Todos (quién más, quién menos), llegamos a la tarde de la vida, en la que, según San Juan de la Cruz, nos examinarán en el amor, convertidos en muñones existenciales. Es una extraña experiencia de fracaso, de frustración, de utopías deshechas cuando ya todo parece irreversible. Vienen entonces la decepción, la rebeldía, la autocompasión. O una enfermiza resignación. Para muchos, la agonía no es el fin material de los días, sino el ahogarse en la sensación dolorosa de llegar al final "con las manos vacías".
Pongo entre comillas la expresión "con las manos vacías", porque la tomo prestada de Teresa de Lisieux, conocida entre nosotros como Santa Teresita, la carmelita francesa, doctora de la Iglesia, muerta a los 24 años y quien propuso una verdadera revolución espiritual con su doctrina del "camino de infancia", que no es otra cosa que una espiritualidad de la esperanza vivida en el gozoso martirio del abandono y la confianza en Dios, una santidad sin tramoyas místicas y una ascética de las manos vacías. Eso sentía ella, que iba a llegar a Dios con las manos vacías: "Au soir de cette vie, je paraitrai devant vous les mains vides".
Lo pienso aquí, a la luz del ocaso. En el fondo, a la vuelta de los días, la vocación es la fidelidad a un sueño roto. Y llegar a este convencimiento no es, como pudiera parecerlo, una concesión que se hace al pesimismo sino un humilde paso hacia la serenidad, hacia el heroísmo silencioso de la cotidianidad.
No hablo de resignación, ni siquiera de la que llaman resignación cristiana, que mal entendida puede convertirse en una virtud malsana o por lo menos contraproducente. Se trata del sentimiento hondo de las limitaciones, de las fragilidades y la fugacidad de la vida, que nos lleva a aceptar la condición humana sin seguir pidiéndole peras al olmo.
Seguir siendo fieles a un destino, a una vocación, a un puesto en la vida, aun con el sabor en el alma de que no era eso lo que soñábamos (o que sí era eso, pero al final terminó siendo un logro imperfecto, lleno de vacíos) es una forma de valentía. Tal vez la única valentía que se nos pide. Siempre y cuando esa fidelidad a los sueños rotos sea una fidelidad sin amarguras, llena de humilde alegría.
Los artistas, los pensadores, los científicos, los profesionales, los santos, los amantes, los aventureros, en fin, todo los soñadores conocen muy bien esta fidelidad a los sueños inconclusos. Un convencimiento que nos debe servir no simplemente para aceptar el apaciguamiento de los fervores y de las sangres enardecidas, sino, paradójicamente, para seguir luchando, para seguir soñando, para seguir caminando sobre cristales hechos trizas.

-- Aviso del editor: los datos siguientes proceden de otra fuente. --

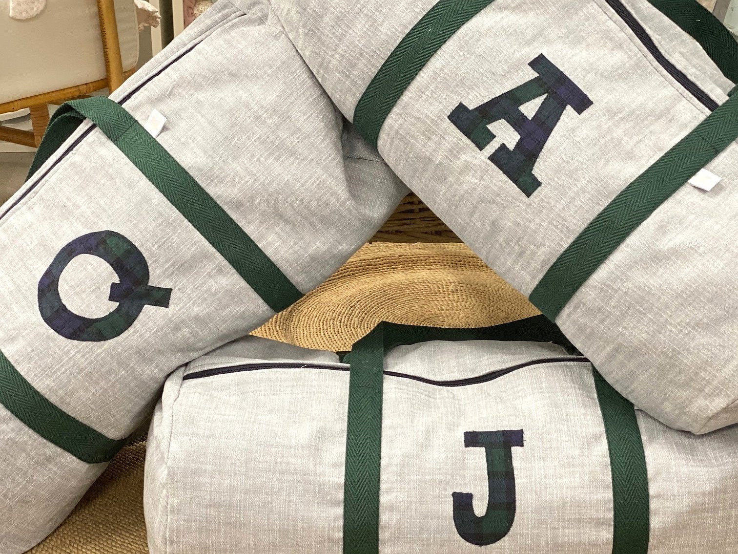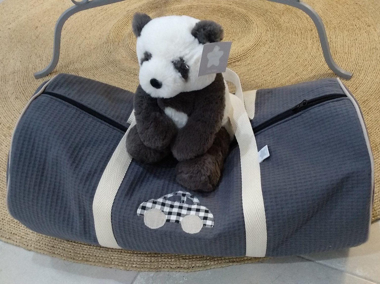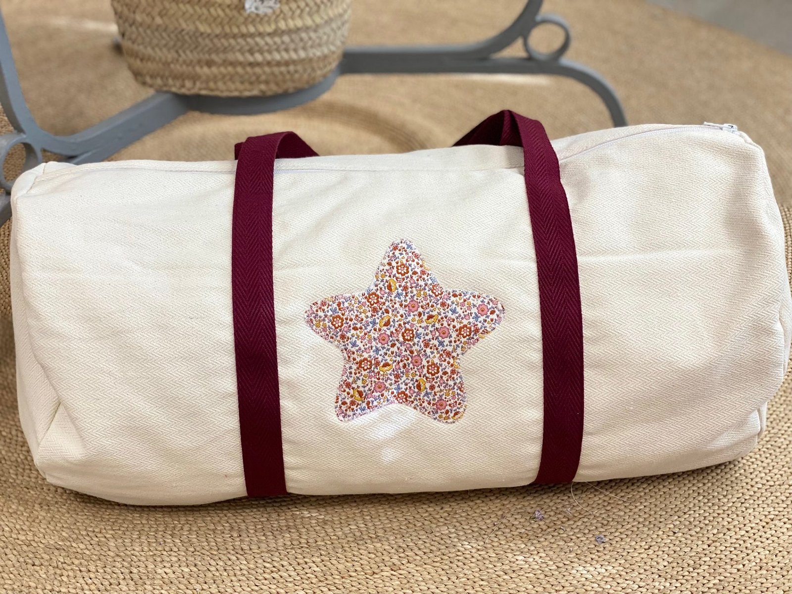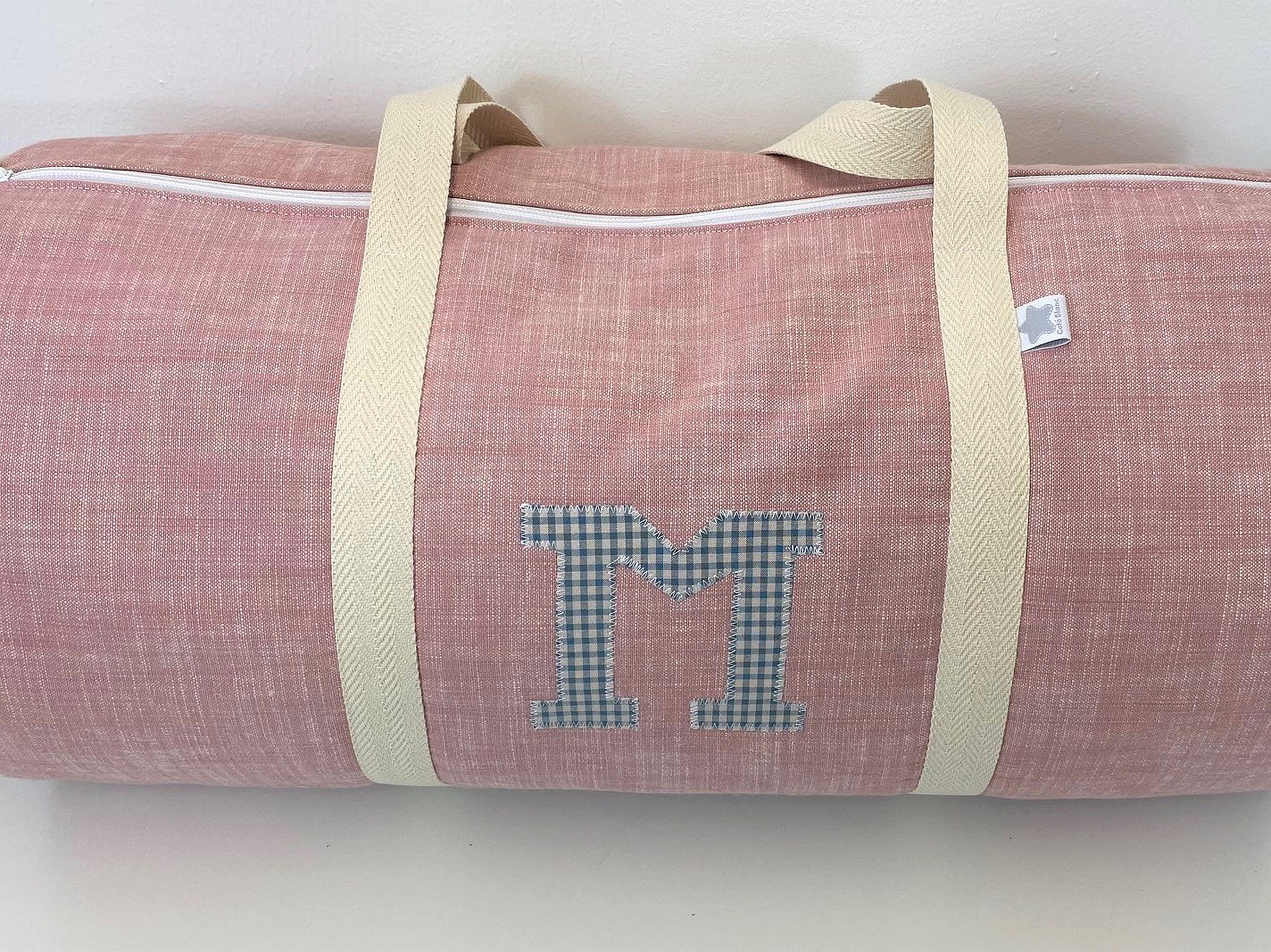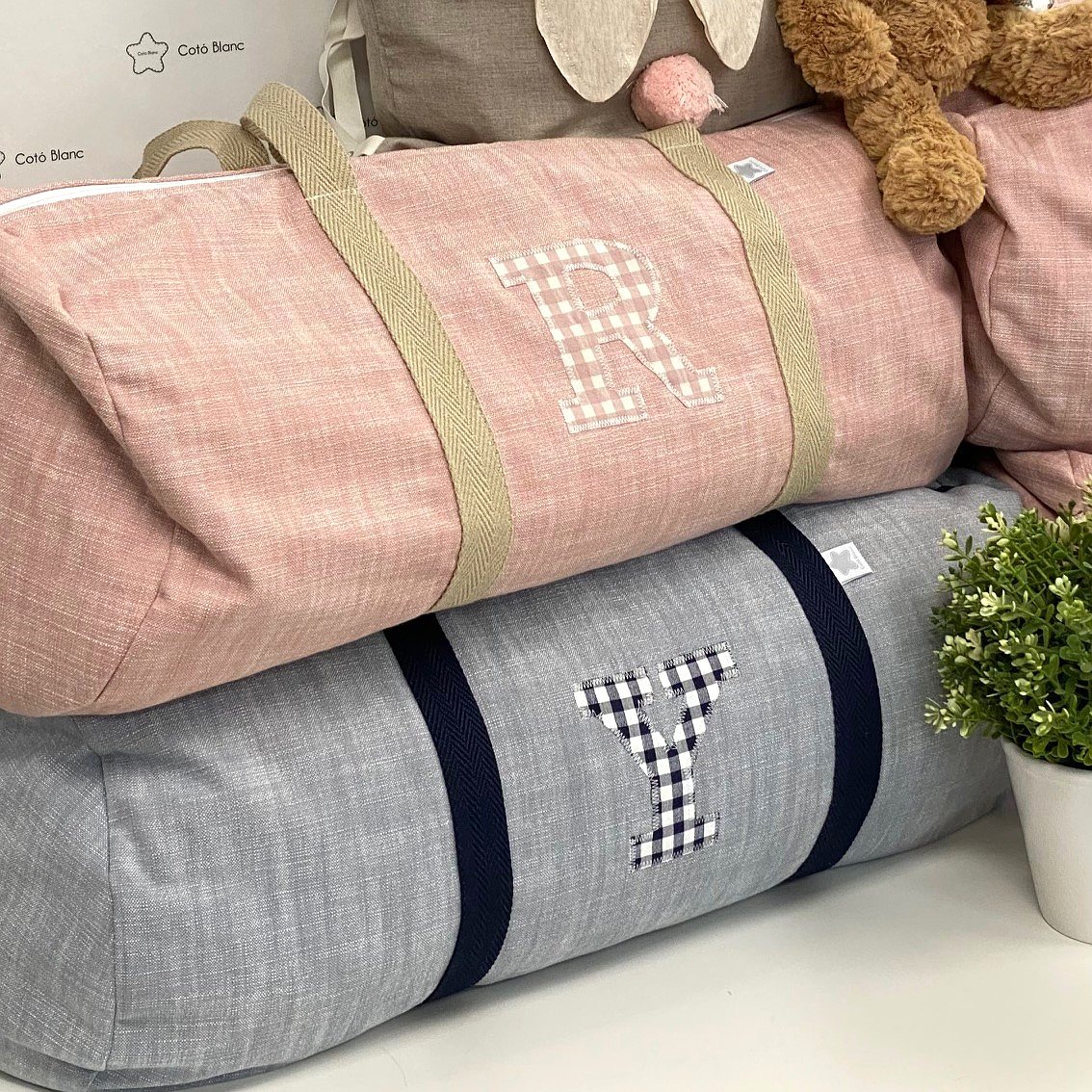 Macuto weekend con inicial o detalle aplicado en la tela que más te guste acolchada y con asas de mano para coger.
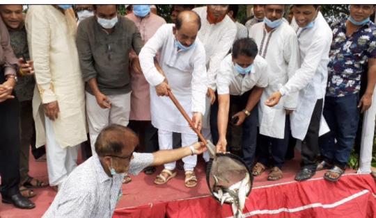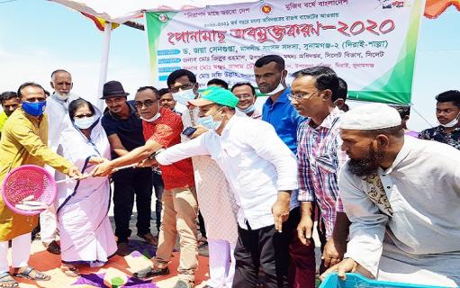 জগন্নাথপুরের হাওরে পোনামাছ অবমুক্ত
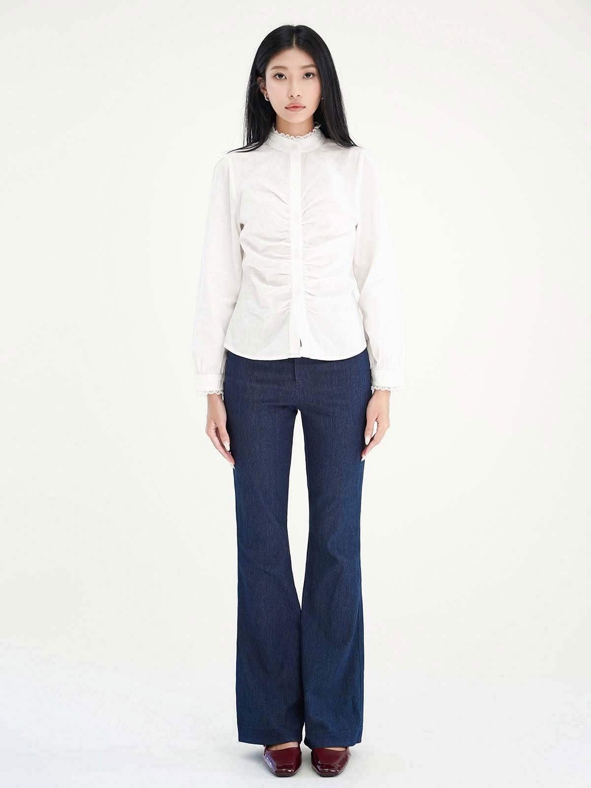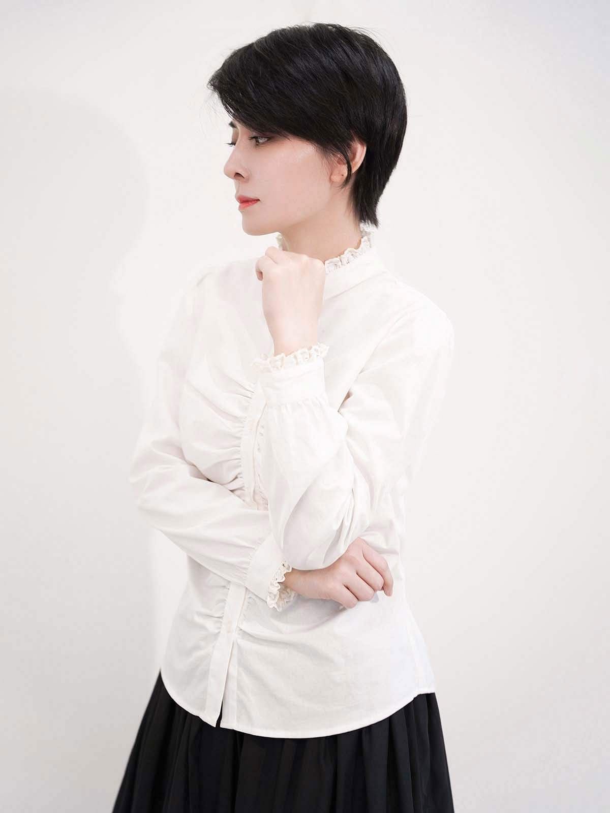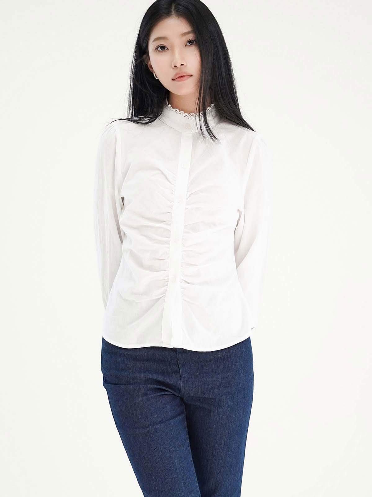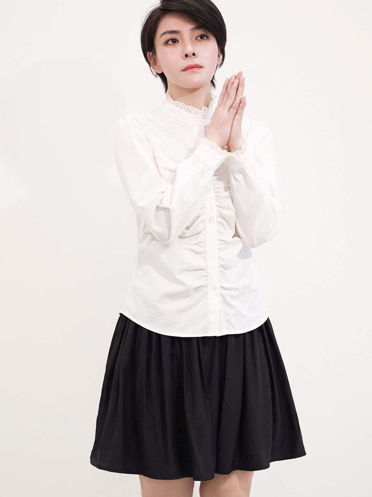- Áo kiểu nữ thân trước dúng, cổ áo và tay áo viền ren, chất vải dày dặn và không có độ co giãn.
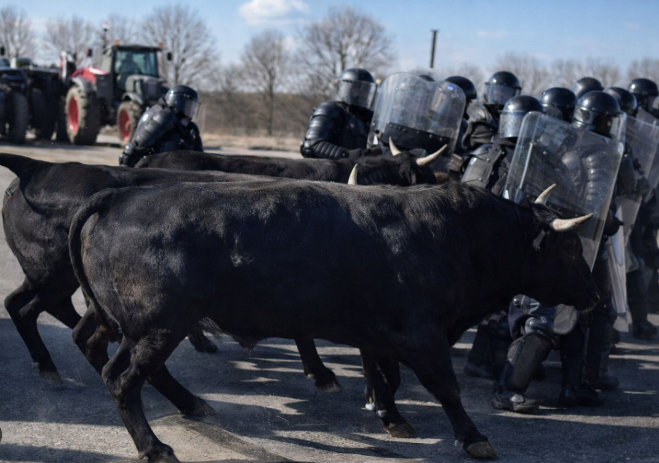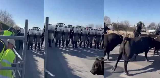 Fransa’da hükümetin tarım politikalarına ve yeni dünya düzeninin getirdiği kısıtlamalara karşı ayaklanan çiftçiler, eylemlerinde sınır tanımıyor. Polisin kurduğu barikatları aşamayan protestocular, bu kez boğaları sahaya sürdü.
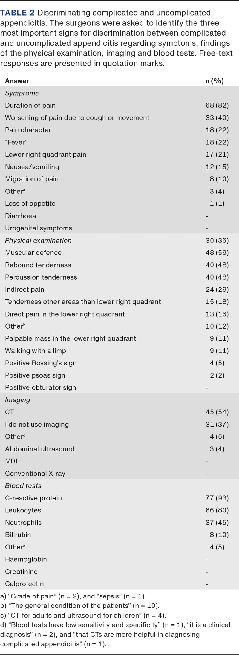 The resident surgeons were asked to identify the three most important 1) symptoms, 2) findings of the physical examination, 3) diagnostic imaging, 4) blood tests, and 5) other clinical measures that assisted their diagnosis of complicated appendicitis, see Table 2. Regarding the symptoms, most surgeons found the duration of pain (82%), worsening of pain with cough or movement (40%), pain character (22%), and “fever” (22%) to be important. In the physical examination, the surgeons weighed muscular defence (59%), rebound tenderness (48%), and percussion tenderness (48%) as important findings in patients with complicated appendicitis. For diagnostic imaging, 54% of surgeons used computed tomographies (CTs) to discriminate complicated from uncomplicated appendicitis, whereas 37% never used any imaging modalities for this purpose. Approximately 95% of the resident surgeons reported using routine blood tests when considering if a patient suffered from complicated appendicitis. Particularly, C-reactive protein (93%), leukocytes (80%), and neutrophils (45%) were rated as important by the surgeons. The remaining 5% of surgeons elaborated that “blood tests have low sensitivity and specificity”, “it is a clinical diagnosis” and “CTs are more helpful in diagnosing complicated appendicitis”.

Entreabro los ojos. Se diluye en el horizonte, tras el perfil de los montes, la luz del ocaso, que es la luz de la fugacidad. Lo que sigue es la noche. Embriagado por este aroma de nocturnidad, tan presente siempre en toda propuesta mística, acepto y me repito que vivir y morir, este llegar al final con las manos vacías, puede ser también, para muchos, depositar en las manos de Dios el ripio de los sueños rotos en que a la postre se convirtió la existencia.
P.D. "En la tarde de esta vida, compareceré delante de ti con las manos vacías?"
"A tus ojos, el tiempo es nada, y un solo día es como mil años. Tú, puedes, pues, prepararme en un instante para comparecer delante de ti?". (S. Teresa de Lisieux, Ofrenda al amor misericordioso. Oraciones, 6).